Recently, the Hungate collection of rumen microbial genomes was released [13]. This collection of 501 microbial genomes is the most comprehensive for the rumen microbiome and represents a major step change in our ability to understand the rumen microbiome. In this study, we took advantage of the availability of the Hungate collection, alongside other rumen bacterial genomes deposited in Genbank, to prospect rumen bacterial genomes for genes/proteins which are known to be involved in QS cell to cell communication and to further our understanding of the importance of QS in the rumen. We also confirmed that putative QS genes were expressed by prospecting for these sequences in the largest available rumen metatranscriptome datasets.
Methods
Bacterial genomes used in this study
The bacterial genomes used in this study were obtained both from the Hungate collection (428 bacterial species excluding genomes from archaea, viruses and eukaryotes) (https://genome.jgi.doe.gov/portal/HungateCollection/HungateColl-ection.info.html) (accessed on July 2018) and from Genbank (https://www.ncbi.nlm.nih.gov/genome) (July 2018) [13]. To find the genomes in Genbank, the genomes category in PubMed was searched using the keywords “rumen and bacteria”. Only Genbank results from complete genomes not represented in the Hungate collection were used in this study. The Genbank search produced 20 rumen bacteria genomes, 12 Gram-positive and 8 Gram-negative species. Combined with the 428 bacterial genomes from the Hungate collection, this resulted in genomes from a total of 448 rumen bacteria species, 311 which were Gram-positive, 136 which were Gram-negative and 1 which was Gram stain variable (Additional file 1: Table S1). These were then analysed for genes involved in QS cell to cell communication.

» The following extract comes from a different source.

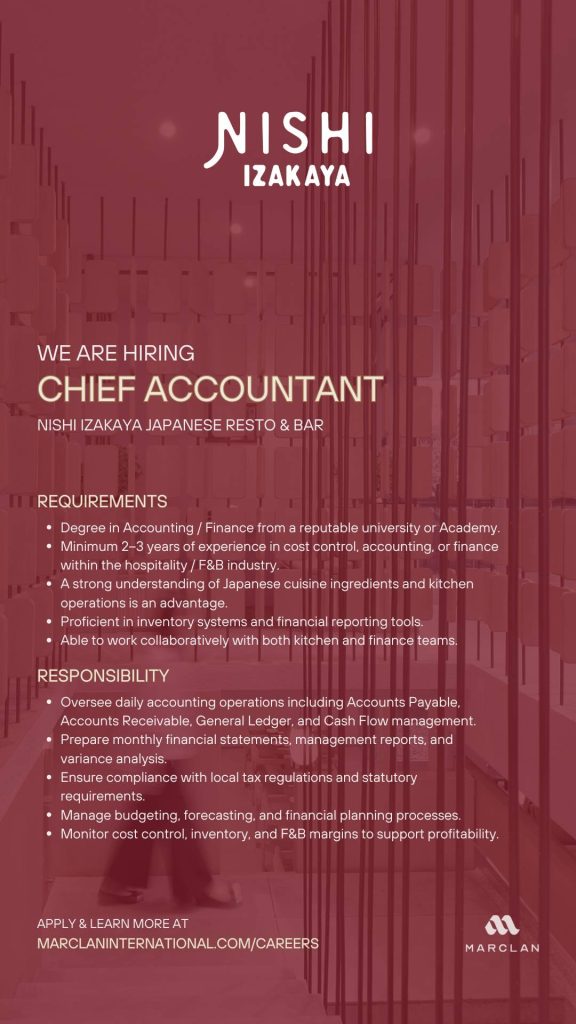 • Minimum 2–3 years experience in cost control, accounting, or finance within hospitality/F&B industry

Prospecting genomes for quorum sensing-related proteins
Each of the genomes was re-annotated using PROKKA (using default settings), which uses BLAST+ and Blastp to annotate, and for each genome, the resulting annotations of the predicted protein sequences were searched using semantic approaches [14]. To search for AHL-related genes, the following search terms were prospected: Quorum sensing, autoinducer, AHL, HSL, homoserine lactone, N-acyl homoserine, AHL synthase, RhlI, LuxI, LuxR, LasI, LasR and homoserine lactone efflux protein. To search for AI-2-related genes, the following search terms were prospected: Quorum sensing, autoinducer, LuxS, LuxP, LuxQ, S-ribosylhomocysteine, S-ribosylhomocysteine lyase (full chemical name for Lux S) and AI-2.

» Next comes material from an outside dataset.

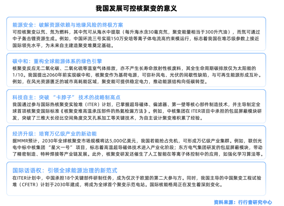 2025年3月,中国环流三号(HL-3)实现了离子和电子温度的“双亿度”突破。通过多年的持续投入和不懈努力,中国在核聚变领域取得了一系列重要成就,中国可控核聚变研究在国际上已处于非常先进的水平。

Sequence alignment and generation of phylogenetic trees
All LuxS proteins identified from the rumen bacteria were aligned using Mega7 (v. 7.0.26) [15]. A phylogenetic tree was constructed with additional protein genes from Vibrio harveyi (Gram-negative) and Streptococcus pneumoniae (Gram-positive), in which LuxS based on QS system have been well studied, alongside LuxS-based QS proteins previously identified from rumen microbial metagenomics and metatranscriptomic sequences [9], for comparative purposes. Phylogenetic trees were constructed using neighbour-joining clustering method [16]. A bootstrap consensus tree was inferred from 1000 replicates, and branches corresponding to partitions reproduced in less than 50% bootstrap replicates are collapsed. The evolutionary distances were computed using the Poisson correction method and are represented by in number of amino acid substitutions per site. The analysis involved 201 amino acid sequences. All ambiguous positions were removed for each sequence pair. There were a total of 191 positions in the final dataset.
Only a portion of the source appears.